*Work instructions*
From first line to last, transcribe the listing exactly and skip any image.
=== Given data ===
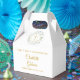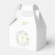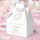 Elegante caja de favor para primera comunión floral que presenta una guirnalda de vegetación de laurel y cruz dorada con los detalles de su evento en tipografía dorada chic. Puede personalizar con su propio mensaje de agradecimiento en el reverso. ¡Una forma perfecta de decir gracias a sus invitados! Diseñado por Thisisnotme©
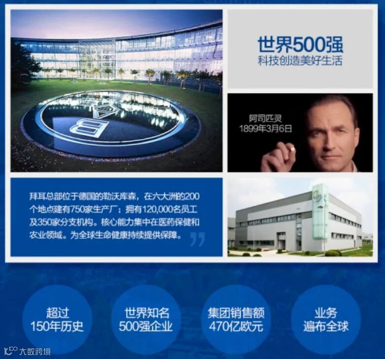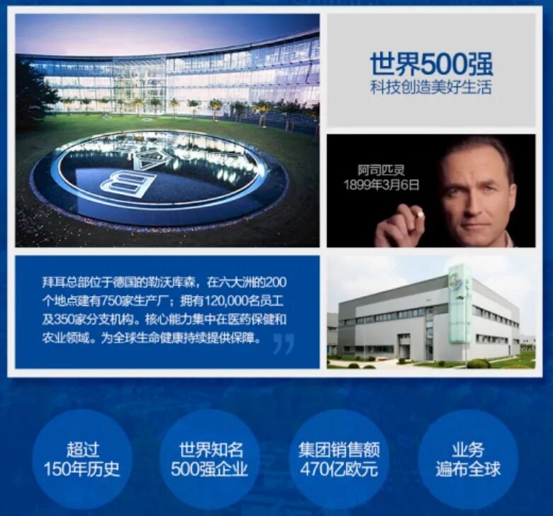 拜耳创建于1863年,总部位于德国勒沃库森,至今已拥有超过150年的历史,知名的世界500强企业。
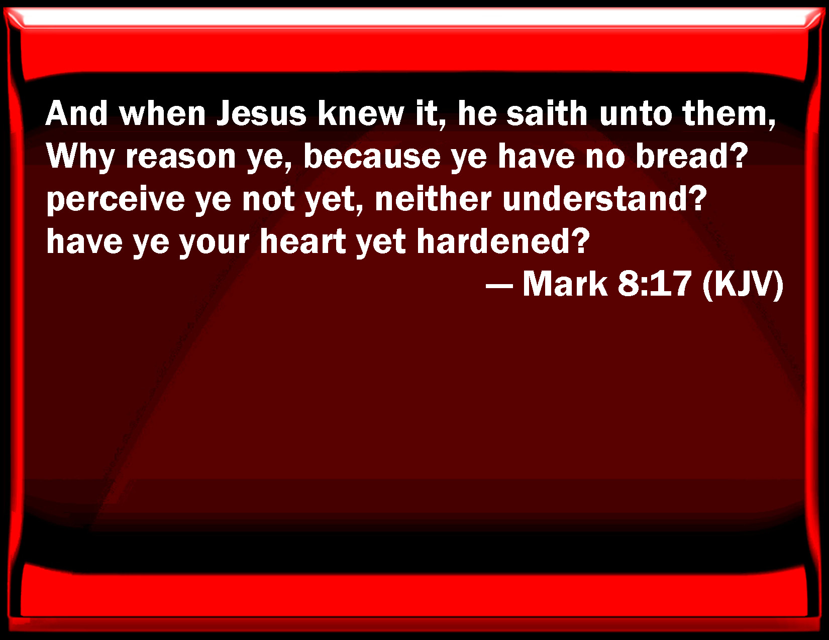 Bible Verse Slide Mark 8:17 And when Jesus knew it, he said to them, Why reason you, because you have no bread? perceive you not yet, neither understand? have you your heart yet hardened? KJV: And when Jesus knew it, he saith unto them, Why reason ye, because ye have no bread? perceive ye not yet, neither understand? have ye your heart yet hardened? DRB: Which Jesus knowing, saith to them: Why do you reason, because you have no bread? do you not yet know nor understand? have you still your heart blinded? DBT: And Jesus knowing it, says to them, Why reason ye because ye have no bread? Do ye not yet perceive nor understand? Have ye your heart yet hardened? ERV: And Jesus perceiving it saith unto them, Why reason ye, because ye have no bread? do ye not yet perceive, neither understand? have ye your heart hardened? WBT: And when Jesus knew it, he saith to them, Why reason ye, because ye have no bread? perceive ye not yet, neither understand? have ye your heart yet hardened? WEB: Jesus, perceiving it, said to them, "Why do you reason that it's because you have no bread? Don't you perceive yet, neither understand? Is your heart still hardened? YLT: And Jesus having known, saith to them, 'Why do ye reason, because ye have no loaves? do ye not yet perceive, nor understand, yet have ye your heart hardened?Links Mark 8:17 NIV • Mark 8:17 NLT • Mark 8:17 ESV • Mark 8:17 NASB • Mark 8:17 KJV • Mark 8:17 Interlinear • Mark 8:17 Commentaries • Mark 8:17 Parallel Texts • Mark 8:17 Bible Apps • Mark 8:17 Parallel • Bible Hub |
===
*Result of the exercise*
 Elegante caja de favor para primera comunión floral que presenta una guirnalda de vegetación de laurel y cruz dorada con los detalles de su evento en tipografía dorada chic. Puede personalizar con su propio mensaje de agradecimiento en el reverso. ¡Una forma perfecta de decir gracias a sus invitados! Diseñado por Thisisnotme©
 拜耳创建于1863年,总部位于德国勒沃库森,至今已拥有超过150年的历史,知名的世界500强企业。
 Bible Verse Slide Mark 8:17 And when Jesus knew it, he said to them, Why reason you, because you have no bread? perceive you not yet, neither understand? have you your heart yet hardened? KJV: And when Jesus knew it, he saith unto them, Why reason ye, because ye have no bread? perceive ye not yet, neither understand? have ye your heart yet hardened? DRB: Which Jesus knowing, saith to them: Why do you reason, because you have no bread? do you not yet know nor understand? have you still your heart blinded? DBT: And Jesus knowing it, says to them, Why reason ye because ye have no bread? Do ye not yet perceive nor understand? Have ye your heart yet hardened? ERV: And Jesus perceiving it saith unto them, Why reason ye, because ye have no bread? do ye not yet perceive, neither understand? have ye your heart hardened? WBT: And when Jesus knew it, he saith to them, Why reason ye, because ye have no bread? perceive ye not yet, neither understand? have ye your heart yet hardened? WEB: Jesus, perceiving it, said to them, "Why do you reason that it's because you have no bread? Don't you perceive yet, neither understand? Is your heart still hardened? YLT: And Jesus having known, saith to them, 'Why do ye reason, because ye have no loaves? do ye not yet perceive, nor understand, yet have ye your heart hardened?Links Mark 8:17 NIV • Mark 8:17 NLT • Mark 8:17 ESV • Mark 8:17 NASB • Mark 8:17 KJV • Mark 8:17 Interlinear • Mark 8:17 Commentaries • Mark 8:17 Parallel Texts • Mark 8:17 Bible Apps • Mark 8:17 Parallel • Bible Hub |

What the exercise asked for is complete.